Summary
Synopsys, Inc. (SNPS) filed an 8-K on September 12, 2005, to report on the amendment and restatement of its 2005 Assumed Stock Option Plan. This plan was originally the Nassda Corporation 2001 Stock Option Plan, which Synopsys assumed following its acquisition of Nassda Corporation on May 11, 2005. The updated plan will be used to grant non-statutory stock options to former Nassda employees and other new hires or consultants who begin services with Synopsys after the acquisition date. This strategic move allows Synopsys to retain and incentivize key talent acquired from Nassda, as well as attract future employees. The plan outlines terms for option grants, including a 10-year maximum term and an exercise price set at 100% of the fair market value on the grant date. It also includes provisions for acceleration of vesting in the event of a merger or sale of substantially all assets, ensuring that option holders are protected.
Key Highlights
- 1Amendment and restatement of the Synopsys, Inc. 2005 Assumed Stock Option Plan.

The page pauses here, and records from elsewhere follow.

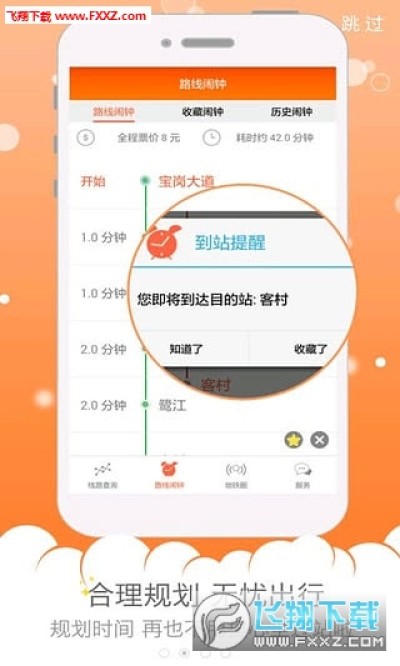 3.根据开启规划好的线路提前设定到站地铁闹铃,到站前及时以震动+铃声的方式提醒您,并根据需要可以自定义自己喜欢的闹铃。
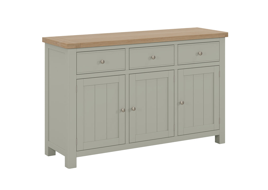 Ce grand buffet entièrement assemblé comprend trois grands placards et trois placards séparés, chacun doté d'une étagère amovible et réglable. Le plateau en chêne clair naturel présente des angles arrondis, mis en valeur par les bords arrondis qui courent le long du bord avant du corps peint. Les tiroirs sont équipés de petits boutons ronds en chrome brossé, et sont également fournis avec des poignées coupelles pour un look différent. (Veuillez noter que ces poignées coupelles ne peuvent être installées qu'une seule fois sur le meuble, car elles sont munies de goujons de positionnement au dos de la plaque de fixation.) Un design compact aux lignes épurées qui s'intègre parfaitement à tous les intérieurs, modernes ou traditionnels.
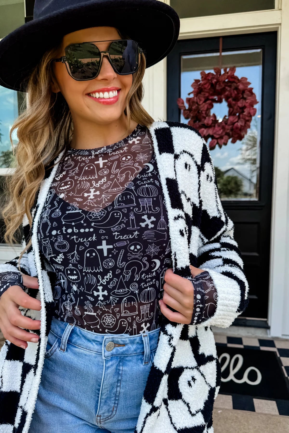 These new Halloween Mesh Tops are HERE!!! Stretchy mesh print long-sleeve top features a totally sheer design. Perfect for layering or worn alone. Pairs great under our new Halloween Cloud Cardigans too! Crew neck and thumbhole details sleeves.
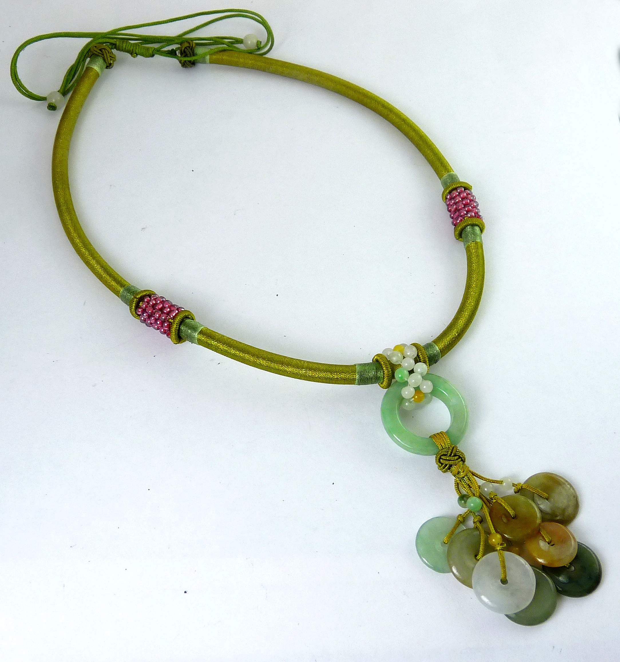 Neprhite Rings & Cord Wrapped Tube Necklace ID
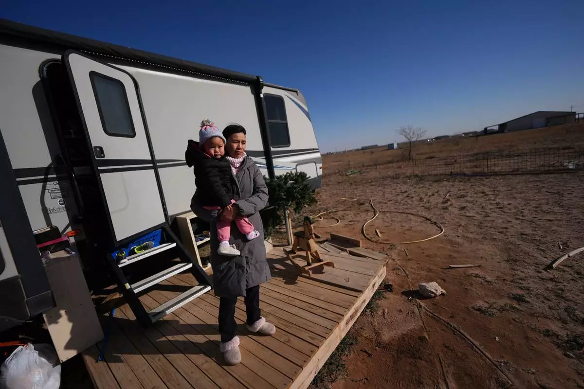 Mayflower Church member Chen Jingjing holds her daughter, Mo Nika, as she surveys the landscape from the porch of the family's trailer in Midland, Texas, Jan. 20, 2025. (AP Photo/Rebecca Blackwell)
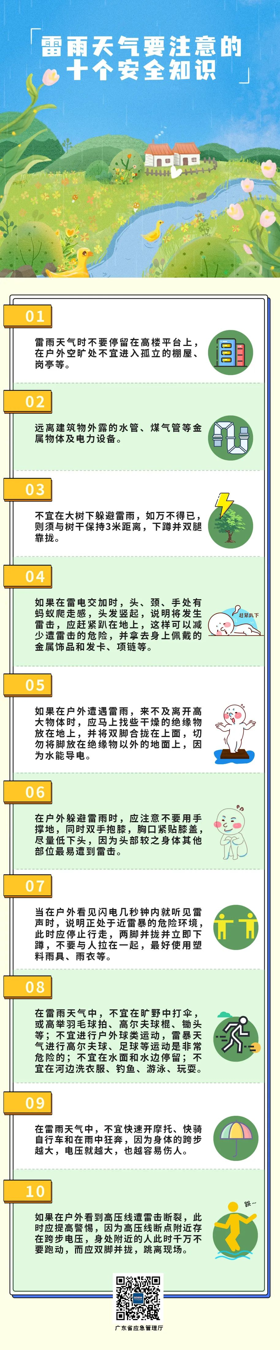 二要注意防雷,雷雨天气尽量减少外出,不在树下等不安全地方停留。
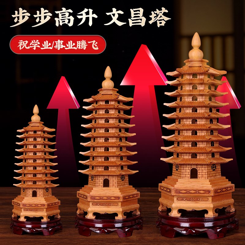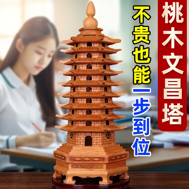 桃木文昌塔摆件木质学生用的七层九层十三层书房书桌办公室桌摆设

- 2The plan was assumed from Nassda Corporation following Synopsys' acquisition of Nassda on May 11, 2005.
- 3The plan allows for the granting of non-statutory stock options to former Nassda employees and new hires/consultants.
- 4Options can be granted to employees or consultants, with a maximum term of 10 years.
- 5Exercise price is set at 100% of the fair market value on the grant date.
- 6Provisions for option acceleration upon merger or sale of substantially all assets.
- 7As of September 9, 2005, 2,296,901 shares were available for grant under the plan.